Untuk menyongsong pemindahan ibu kota negara, maka Jakarta--mau tidak mau--harus lebih berbenah mempersiapkan diri agar tetap menjadi magnet pertumbuhan ekonomi nasional. Berbagai pembangunan dan penataan infrastruktur bagi tumbuhnya perekonomian perlu disiapkan lebih cepat sebeum ibu kota negara benar-benar pindah.

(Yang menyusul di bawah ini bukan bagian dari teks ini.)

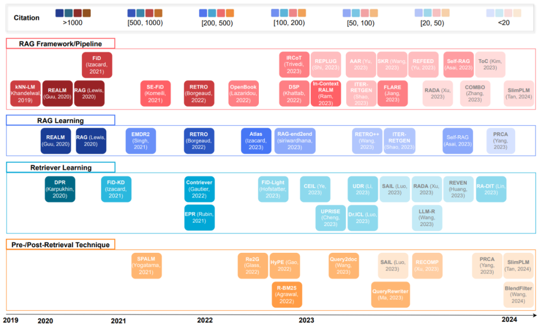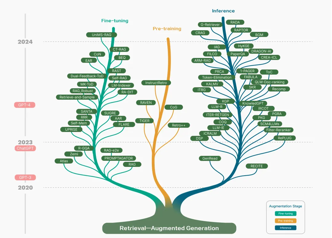 “RAG研究技术树”涵盖预训练、微调和推理三个阶段。随着大语言模型(LLMs)的兴起,RAG研究早期聚焦于利用LLMs的上下文学习能力,主要集中在推理阶段。后续研究逐步深化,将RAG与LLMs的微调紧密结合。同时,研究者也在探索通过检索增强技术优化预训练阶段的语言模型。

Apalagi sudah jelas terang-benderang bahwa dengan dipindahnya ibu kota, pemerintah pusat mengarahkan Jakarta sebagai simpul pertumbuhan ekonomi tingkat global. Kalau infrastrukturnya tidak memadai untuk kondusivitas tumbuhan perekonomian, tidak menutup kemungkinan Jakarta akan sulit memainkan perannya di tingkat nasional dan global.
Persoalan kemacetan dan banjir merupakan masalah kronis dan akut yang masih harus segera dituntaskan.Untuk dua masalah itu, publik sudah banyak memperoleh gambaran bagaimana Anies dan jajarannya dalam mengatasinya.
Selain itu transportasi publik juga diarahkan untuk terintegrasi, baik MRT, LRT, Transjakarta hingga JakLingko. Begitu juga dengan kereta rel listrik (KRL) diintegrasikan dengan moda-moda transportasi publik di Jakarta sehingga memudahkan warga melakukan aktivitas keseharian.
Semua itu diyakini sangat penting untuk menyongsong perubahan status dari Daerah Khusus Ibu Kota (DKI) menjadi Daerah Khusus Perekonomian.